John Cooper: What Happens When We Die?

A fascinating read from Christian Classics Ethereal Library.

Sooner or later all of us must face up to death. Energetic adolescents ignore it, and their middle-aged parents often pursue illusions of perpetual youth. But the elderly and terminally ill know better. Nothing in life is as certain as death. And we all wonder what happens when our friends and loved ones die.

Most Christians believe that our souls are taken immediately to be with Christ until we are reunited with our bodies at his second coming (cf. Heidelberg Catechism, Q&A 58). This view of life after death has two phases—being with Christ until the resurrection, and then everlasting life in his kingdom. It also involves two modes of existing. Body and soul are unified during this life and after the resurrection. But we exist without earthly bodies between death and resurrection. Eastern Orthodox, Roman Catholic, and most Protestant churches teach this two-phase doctrine.

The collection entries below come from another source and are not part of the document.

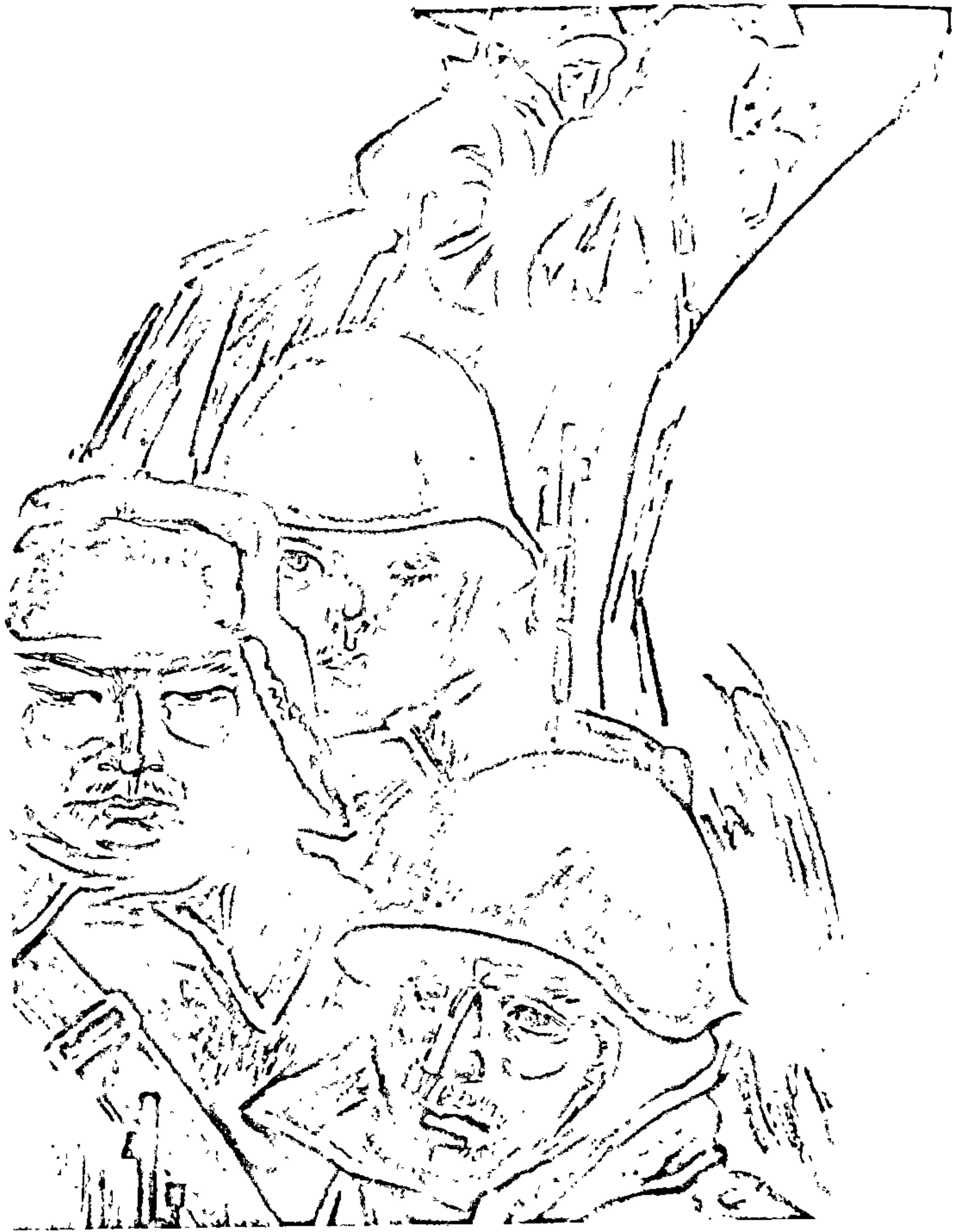
Да аповесці «Яго батальён» Мастак А. Кашкурэвіч
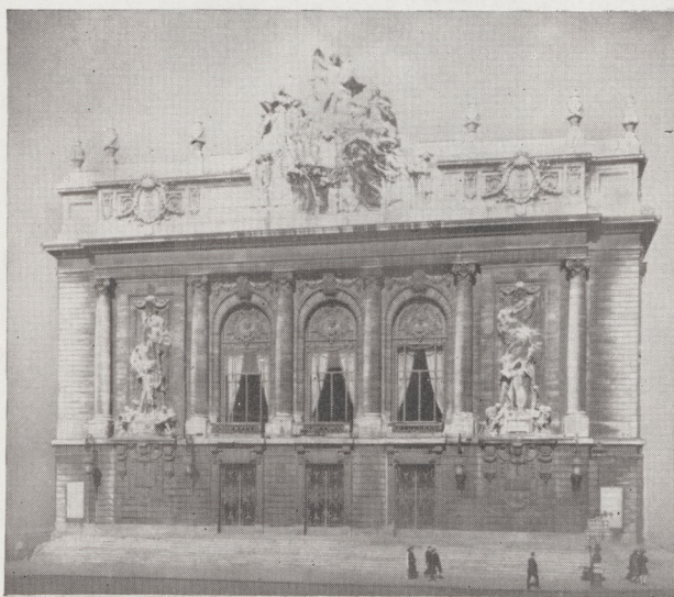
L'OPÉRA de LILLE
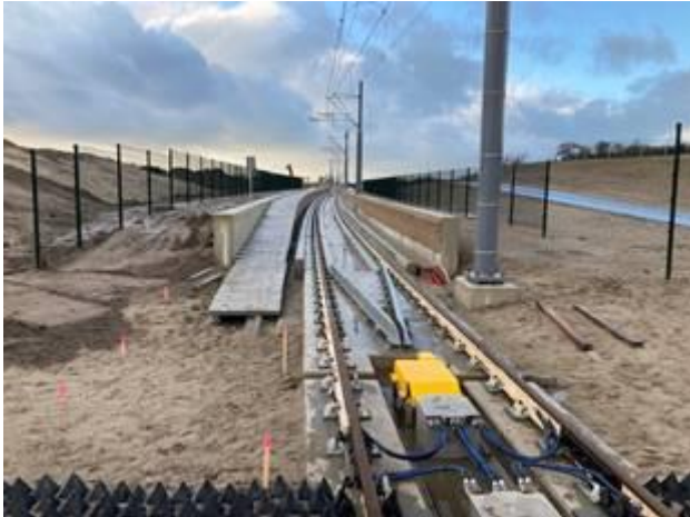
Open bak oostwestzijde Strandboulevard
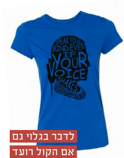
לדבר בגלוי גם אם הקול רועד
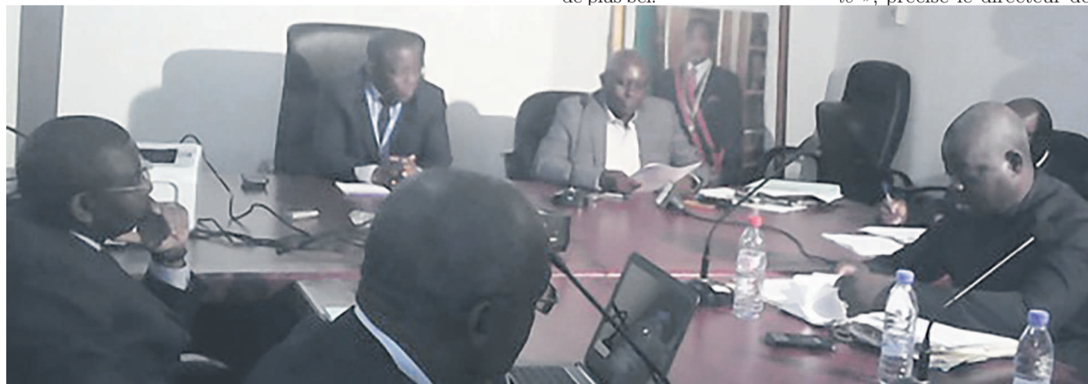
Les responsables de la SNE et ceux de l'ARSEL lors de la réunion

En ce qui concerne l'accès à l'électricité, la SNE et l'ARSEL ont convenu d'adapter une méthode visant le raccordement à faibles coûts ; de proscrire en bonne et due forme, l'acquisition hors SNE, du matériel de branchement par les clients. Cette mesure viendra mettre un terme définitif à ce grand manquement de la SNE d'après lequel depuis plusieurs années, les clients achètent eux-mêmes leurs poteaux et câbles électriques pour se connecter au réseau. Les deux parties devront cependant, mettre en œuvre un mécanisme approprié, destiné essentiellement au financement et à l'approvisionnement dudit matériel technique. Ainsi, un délai de raccordement
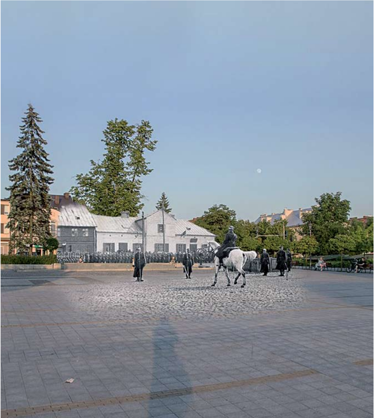
Ułani na ciechanowskim Rynku na tle domu pod nr 16 zbudowanego jako karczma, prawdopodobnie około 1885 roku. W czasie okupacji niemieckiej część budynku rozebrano, a po wojnie poprowadzono tędy górną jezdnię ul. Pultuskiej (stara fotografia z lat 30-tych XX wieku pochodzi ze zbiorów Wiesława Brodeckiego)
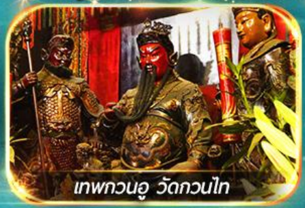
เทพกวนอู วัดกวนไท

พามุไหว้พระขอพร 8 วัดดัง, อิสระช้อปปิ้ง 1 วันเต็มแบบจุใจ หรือเลือกซื้อ OPTION กระเป๋าหนัง 360 / ดิสนีย์แลนด์
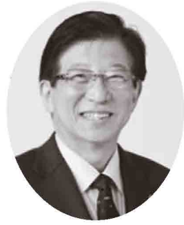
静岡県知事 川 勝 平 太

明けましておめでとうございます。 皆様、お健やかに新年を迎えられていることとお慶び申し上げます。
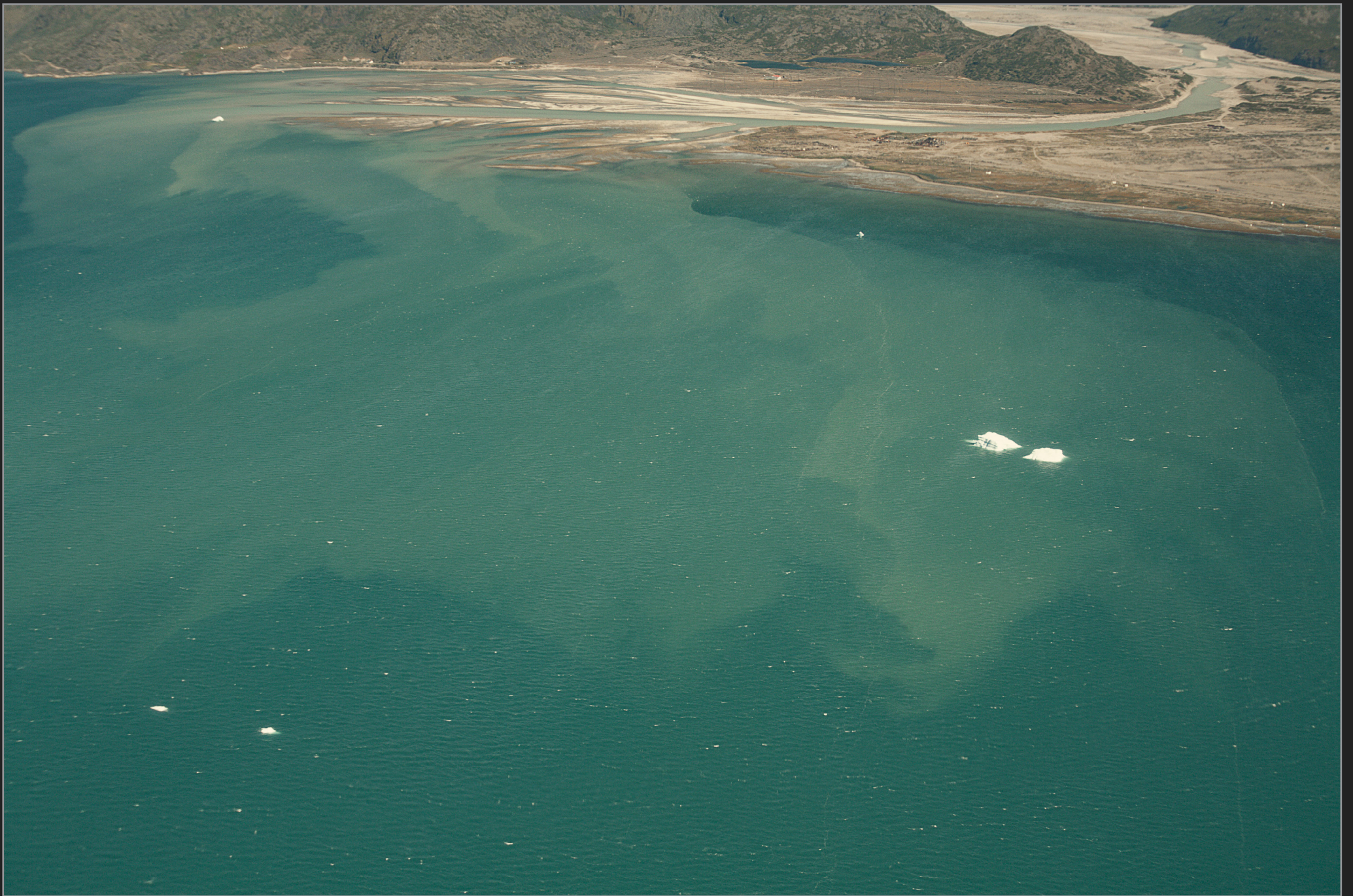
Vestgrønland, august 2009

Check it out. What do you think?

What I wish apologists like Cooper would emphasize is this. If Jesus really is who he claimed to be (God’s Messiah) and who the NT claims him to be (God become human), is there not an inherent authority in him and the NT that no other religion or teaching can claim about this subject of life after death? After all, if Jesus is God, then why are so many reticent in accepting his claims and what the NT has to say about life and death? I don’t get it.